Eight-well Lab-Tek II Chamber Slides (Nalge Nunc International) were seeded with Vero or DAE cells at a density of 2.5×105 cells well–1 and incubated for 24 h at 37 °C (Vero) or for 7 days at 33 °C (DAE) in 5 % CO2 to produce a confluent monolayer. The cell monolayers were inoculated with 10-fold serial dilutions of virus in a final volume of 0.05 ml; virus was adsorbed to the cells for 1 h at 37 (Vero) or 33(DAE) °C, with gentle rocking every 15 m. An overlay of MEM, 5 %FBS and 0.8 % carboxy methyl cellulose (ICN Biomedicals; Vero) or L-15B (DAE) was added at the conclusion of adsorption. The infected monolayer was incubated at 37 (Vero) or 33 (DAE) °C in 5 % CO2. After 48 (Vero) or 72 (DAE) h of infection, the overlay medium was removed and the cells were washed with cold PBS. The PBS was removed after 5 min, and cells were then fixed for 10 min with ice-cold absolute methanol (Sigma-Aldrich) and again washed in PBS for 5 min. Slides were placed in a moist chamber and in SLEV antibody (MHIAF 6B5A-2; WCL&R Core) diluted 1 : 200 in PBS containing 0.2 % BSA (PBS-BSA) for 1 h at room temperature and then washed three times with PBS-BSA. Antibody-labelled cells were detected by incubation of the cells for 30 min with a secondary antibody conjugated to FITC (KPL) diluted 1 : 50 in PBS-BSA, followed by three washes with PBS-BSA. A final wash was done in distilled water. The cells were mounted in anti-fading medium (VECTASHIELD Mounting Medium; Vector Laboratories). Fluorescently labelled cells were evaluated using a Zeiss Axiovert 25 microscope, equipped with a Fluar ×10 objective and FITC filter. Images were photographed with a Zeiss Axiocam MRC digital camera and Axiovision software. The area of each fluorescent focus was measured (mm2) using Axiovision software.
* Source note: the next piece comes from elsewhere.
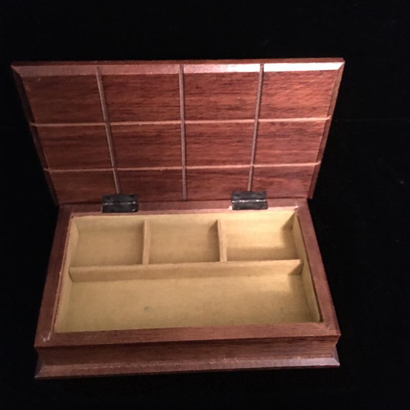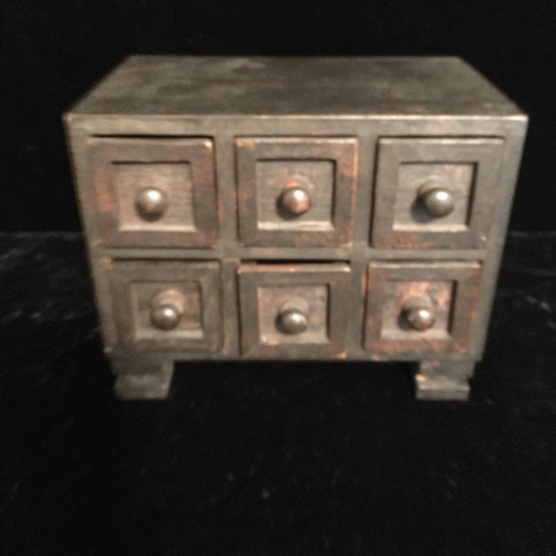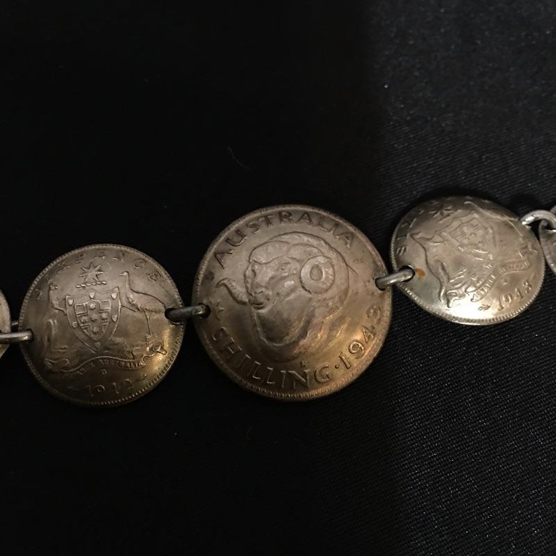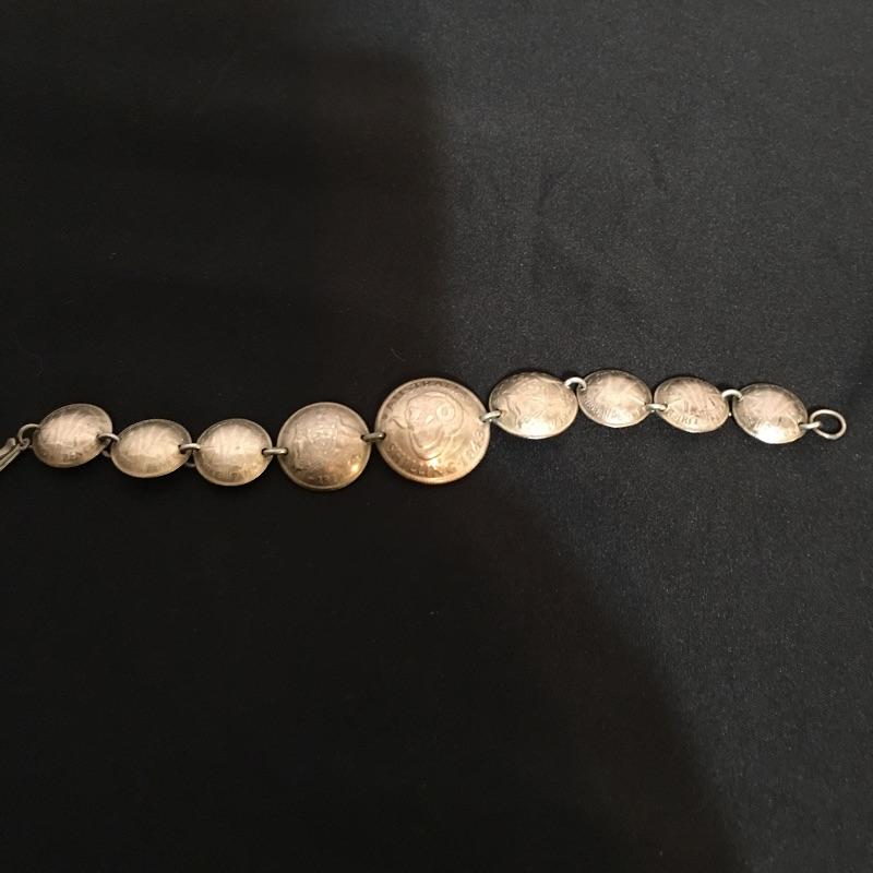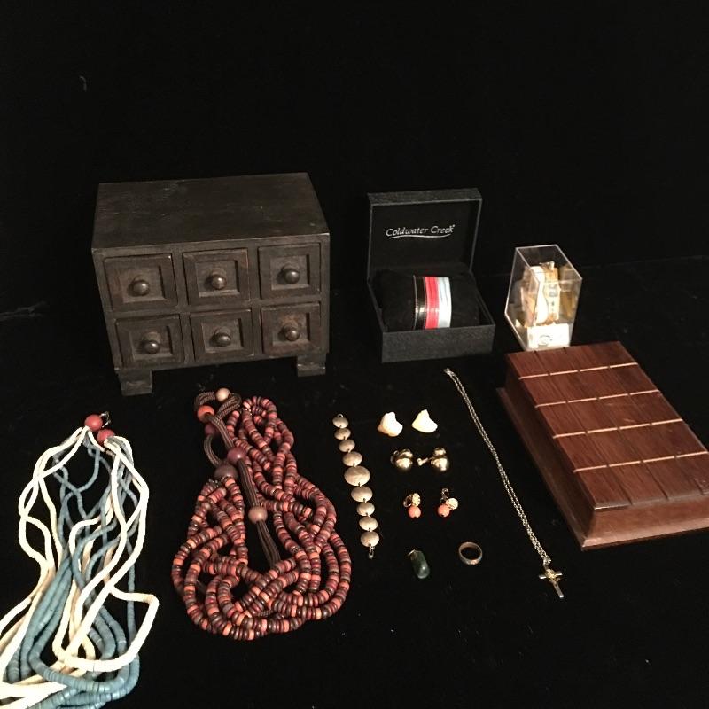 Ladies jewelry and jewelry boxes. Lot includes six drawer box, lidded box, Wittnauer watch, two tone necklace, wooden bead necklace, Australian coin bracelet made from what appears to be 1943 shillings and three pence coins, jade colored pendant, copper ring with enamel design (size 5), cross necklace and more. Watch could not be tested. Six drawer jewelry box measures 5.5” x 8” x 6.5”.

The focus size (mean±sem) was calculated for each lineage, and compared with Mann–Whitney U and linear regression tests (GraphPad Prism, Version 5.0).

Full-genome sequencing.

SLEV RNA was extracted from DAE-derived SLEV using RNeasy (Qiagen) according to the manufacturer’s protocol and sequencing was carried out as described previously (Ciota et al., 2007b). One-step RT-PCR (Qiagen) with nine overlapping primer sets was carried out to generate PCR products for sequencing. RT reactions were completed at 50 °C for 30 min, followed by inactivation of the transcriptase at 95 °C for 15 min. Amplification was then carried out for 40 cycles at 94 °C for 20 s, 55 °C for 30 s and 72 °C for 2 min, with final elongation at 72 °C for 10 min. PCR products were visualized on a 1.5 % gel and bands were gel-extracted using the Qiagen gel extraction protocol. Sequencing was performed at the Wadsworth Center Applied Genomics Core using an ABI 3700 automated sequencer (Applied Biosystems) with a minimum of twofold redundancy. Sequences were compiled and edited using the dnastar software package.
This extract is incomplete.